With his films, we simply get a bit of a start. But when there are gaps left in ERISA plans, we end up with much worse than just a start. We end up with a lawsuit. A quick troll through the Department of Labor website gives us a rundown of enforcement action. Gaps in contributions. Gaps in proper administration.

Lawyers are also looking for these gaps. They look for gaps in logic or action. This lawsuit against MassMutual is the most recent example. No one can know how the suit will end. But, like viewers with their popcorn watching a Hitchcock film, I am sure that compliance departments across the country are on edge. Their minds race to fill in the gaps left between the suit and the practices of their advisers. What other gaps are out there? Could our advisors put us on the hook if they recommended a provider employing a similar structure? Are our disclosures sufficient? Are our policies setting us up for a similar suit?

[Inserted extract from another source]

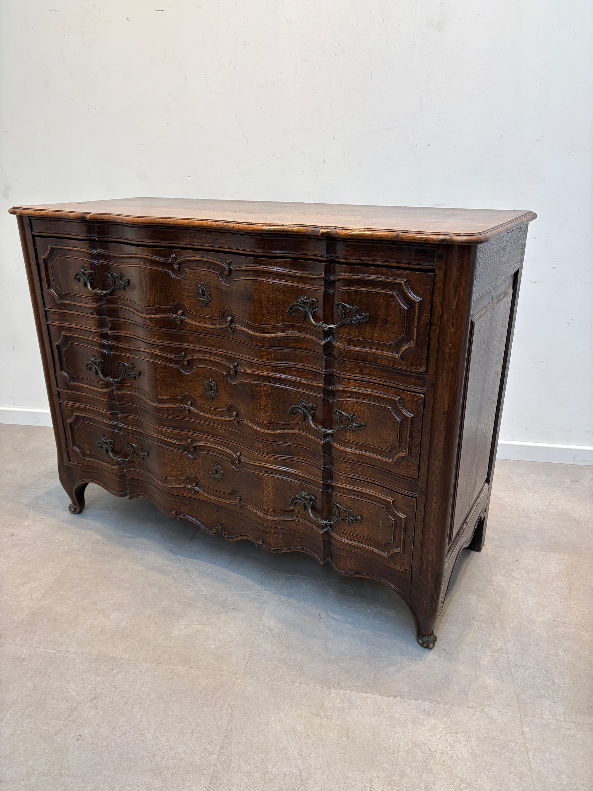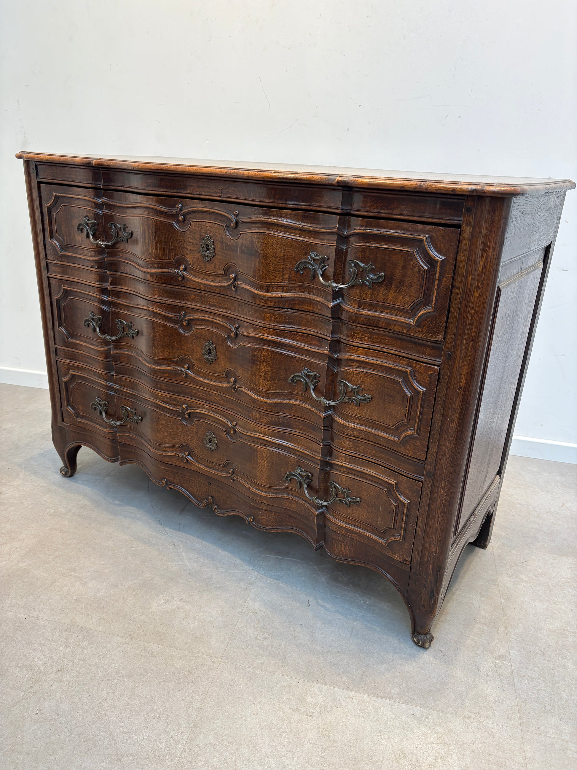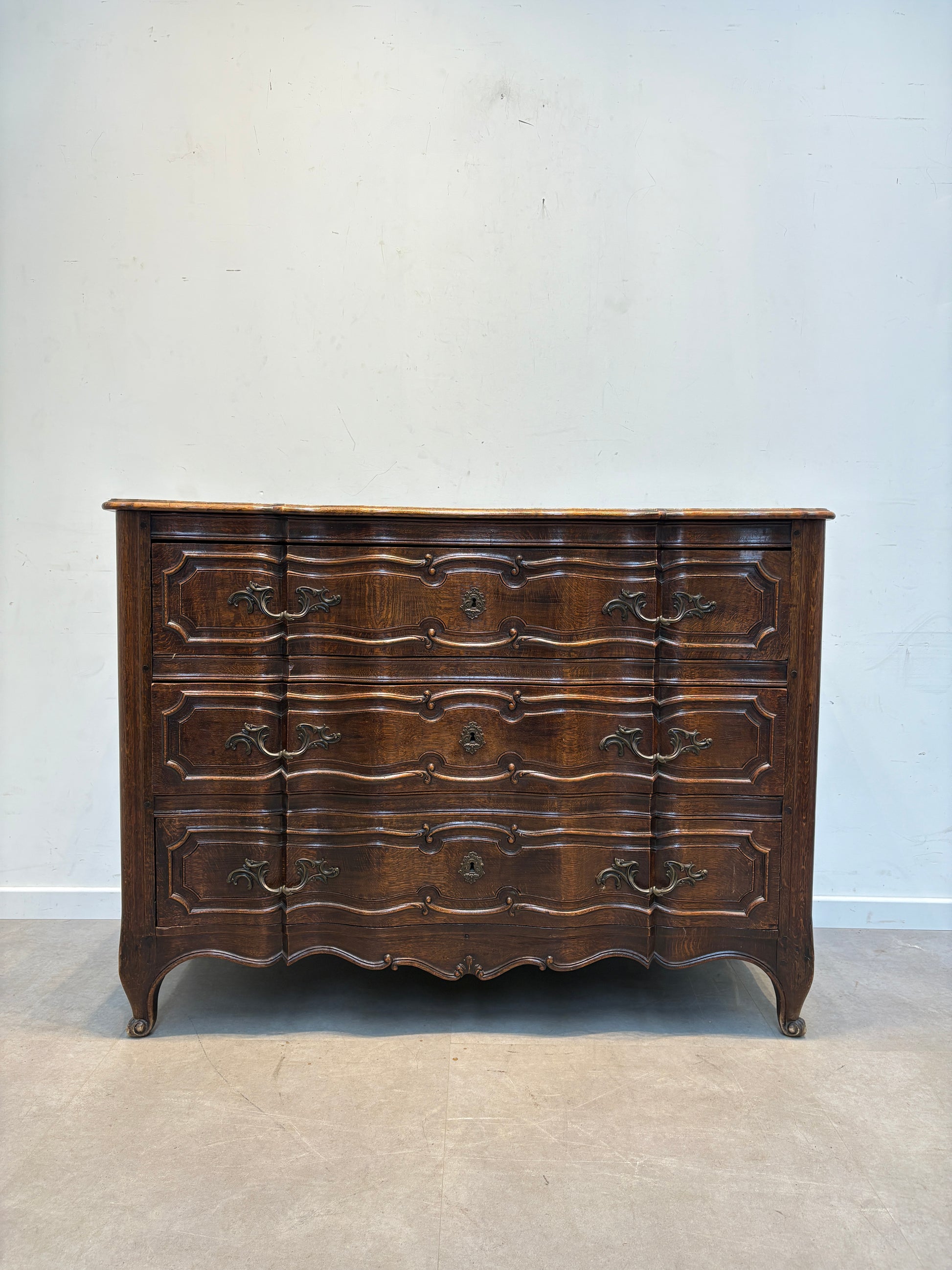 Cette exquise commode ancienne française illustre à merveille l'élégance de l'époque Louis XV. Réalisée en chêne massif, elle présente une façade bombée aux courbes gracieuses. La commode est ornée de montures en bronze doré (ormolu) finement travaillées.

One of the gaps that continually scares me is the gap in determining the reasonableness of fees for covered service providers. As we are all aware, it is part of a fiduciary’s duty under ERISA to insure that all fees paid from plan assets are reasonable for the level of service being provided. It is commonplace to compare the fees and a checklist of services against those of other plans around the country. Honestly, that scares me. It scares me because checking to see if your answer is the same as someone else’s seems like a poor basis for reasonable. For example, you may be paying the same fee for education services; however, does this standard benchmarking evaluate the amount of education? Or the time spent working with participants on education? The same example holds true for other services as outlined in the fee disclosures mandated under 408(b)(2). I have discussed some of my concerns in another post. And this gap in what is promised and what has occurred is another Hitchcock nail-biter. As we have seen in other suits recently, the potential liability is not in the decision.  Instead, it is in the process.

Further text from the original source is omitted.